It has been a while since I have spewed my two cents worth on the financial markets, so I think I should dip my toe in the water as the Dow Jones Industrial Average sheds 200 points. The markets should stabilize into a steady upward trend for stocks and commodities. I am setting the S&P at $1200, gold at $1200/oz and oil at $75/barrel which amounts to an 8% return for stocks, a 10% return for gold and a 5% decline for oil relative to December 31, 2009 close prices.
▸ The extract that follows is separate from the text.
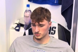 体育资讯10月23日讯 NBA常规赛,独行侠主场92-125马刺。赛后,独行侠状元弗拉格接受媒体采访。
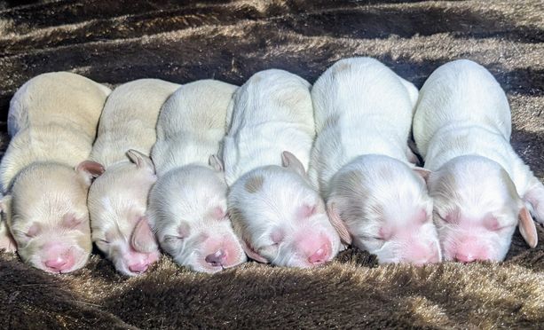 Our puppies include smooth and longhaired coat varieties. Coat types may vary depending on the parent dogs.

As far as bond returns go, I see the long term rates stabilizing and creeping up as foreign depositors require more incentive to buy treasuries. Currently the safety of these securities allowed rates to drop as low as 2.75% before perking up to 3.375% to finish the year. A jump of 62.5 basis points certainly killed portfolios that were fully invested in March of 2009. Unfortunately, I believe treasuries will continue to march towards 4.000%. In 2010, I think they can make it a little better than half way and expect the December 10 year auction to end up at 3.75%
In terms of the US dollar, I think we are out of the woods. 2009 ended with the EUR/USD at $1.4325. I see the dollar strengthening as the US economy is more nimble than its foreign counterparts. Even with the printing presses at full tilt, I see the EUR/USD finishing at $1.3000. Until the job market recovers, the possibility of hyperinflation is just not real. Once the US unemployment rate dips below 7.5%, you can start to worry.
The bottom line is keep buying stocks and gold, don’t worry about gas prices, borrow money while it is still cheap and wait until next year for that trip to Europe.